The first electrical experiments in soil were carried out in Moscow in 1807 but it was not until 70 years ago that the first successful laboratory work was undertaken in Leipzig. In the mid 1940s, crude electrodes based on steel pipes and railway lines were used in England with some effect, while better technology evolved by stabilising clay with electro-osmosis. Russian workers also used electromigration in metal prospecting in the 1960s. Most of the early work was inconclusive due to the failure to manage the pH of the soil around the electrodes and a neglect of the ion exchange capacity of real soils compared to laboratory models.
The breakthrough came with the work of Lageman, Pool and Seffinga in 1987, who focused on electromigration and patented the use of circulating electrolytes. Work included the use of ion permeable wells to hold the anolyte and catholyte and managing the pH and other electrolyte conditions within the electrode casings, considered to be the critical element in controlling system performance. The success of electro-remediation as a means of remediating land contaminated with heavy metals, cyanides, arsenic and many other toxic pollutants is based on these principles.
Electrokinetic remediation is currently deployed in three ways. Insitu methods involve electrodes placed directly on the ground. Remediation is achieved with minimal disturbance to the site, as at Nieuwpoort. In batch remediation, contaminated material is transported to a batch facility and treated off site. Finally, an electrokinetic ring fence (EKRF) uses a chain of electrode pairs in the ground to stop migration of contaminated groundwater from a source point.

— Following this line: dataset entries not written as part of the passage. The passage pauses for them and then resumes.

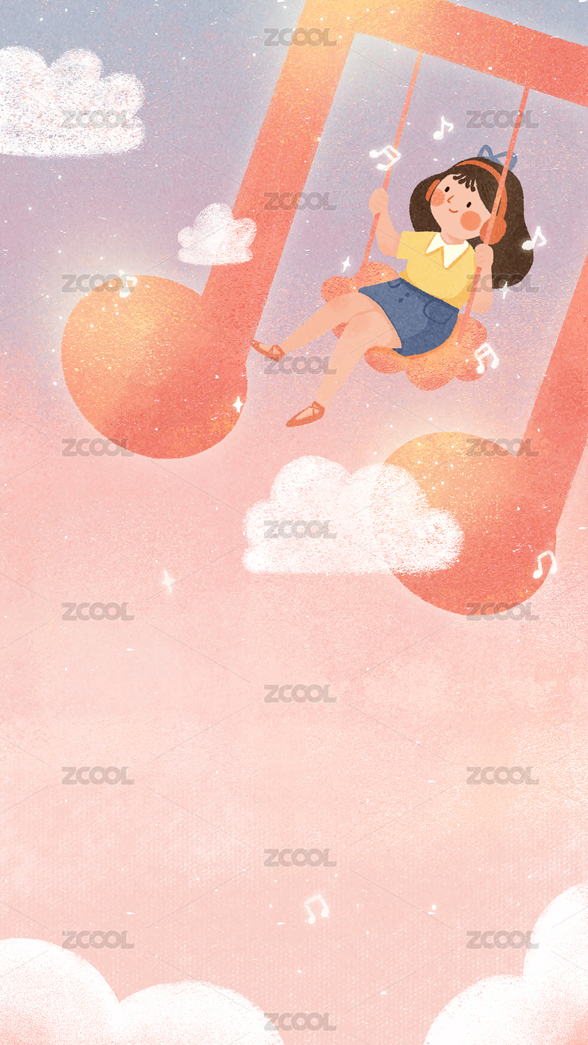 在天空聽音樂蕩秋千的小女孩
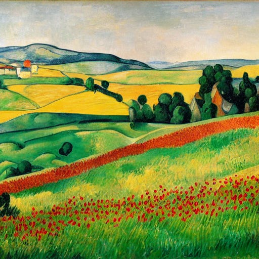“And this one,” he pointed to another, a scene of the French countryside. A foreground of red poppies on green stems framed a golden field of grain. The white walls and red tile roofs of a farmstead stood in the middle distance, backed by a round-topped blue mountain ridge in the hazy background.
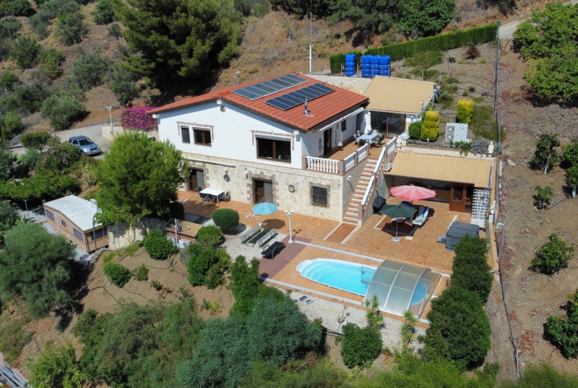 Stunning Villa Below Frigiliana for Sale. This impressive villa, nestled below Frigiliana, offers two separate living units across two floors, each with its own driveway and privacy. The upper unit spans 150 m2 and features a spacious open-plan living and dining area with an adjoining kitchen and convenient storage space. From the terrace, enjoy breathtaking views of the surrounding mountains. A standout feature of this apartment is the rotating fireplace in the living room, adding warmth and ambiance. Additionally, the terrace accommodates a fitness room. Another highlight is the luxurious bathtub in the living room, perfect for relaxing moments. The unit comprises three spacious bedrooms, two bathrooms (one en-suite in the master bedroom), and a guest toilet. The lower unit includes a cozy living and dining area with a kitchen, one bedroom, and a bathroom, totaling 80 m2 of living space. The entire house is equipped with underfloor heating, air conditioning, and a central vacuum system, built to the highest German standards with excellent insulation and quality materials. A solar panel system on the roof provides heating and hot water. The outdoor area of this exceptional villa leaves nothing to be desired. There is a heated saltwater pool with an easy-to-operate cover, a relaxing jacuzzi, and a fully equipped outdoor kitchen with a sauna. Additionally, there is a workshop, a caravan, and another small building at the foot of the property. The 6000 m2 plot is adorned with numerous fruit trees, inviting nature lovers to linger. The villa boasts good connectivity and is perfect for those who appreciate a tranquil lifestyle amidst nature. Experience luxurious living in a breathtaking location your new home below Frigiliana awaits! We are pleased to be able to present this dream property to you soon, either personally or via virtual viewing. Because this world is unique - just like our Axarquía. In Andalusia. On the Costa del Sol. Here, on the sunny side of life...

Lageman appreciates that electrokenetics is not the 'be all and end all' for soil remediation, but 'with the enthusiasm of my colleagues, we have developed a set of powerful tools that can remediate land completely for any future use. Resources recovery is the fast track to having our technology accepted by commercial organisations.'
But he says that 'departments of the environment and other agencies in many countries are still on a slow learning curve due to a few false starts, set-backs and unrealistic expectations.'
'If we don't grasp the nettle of toxic contamination then it will not just be the politicians who will be shouting. We all will,' he warns.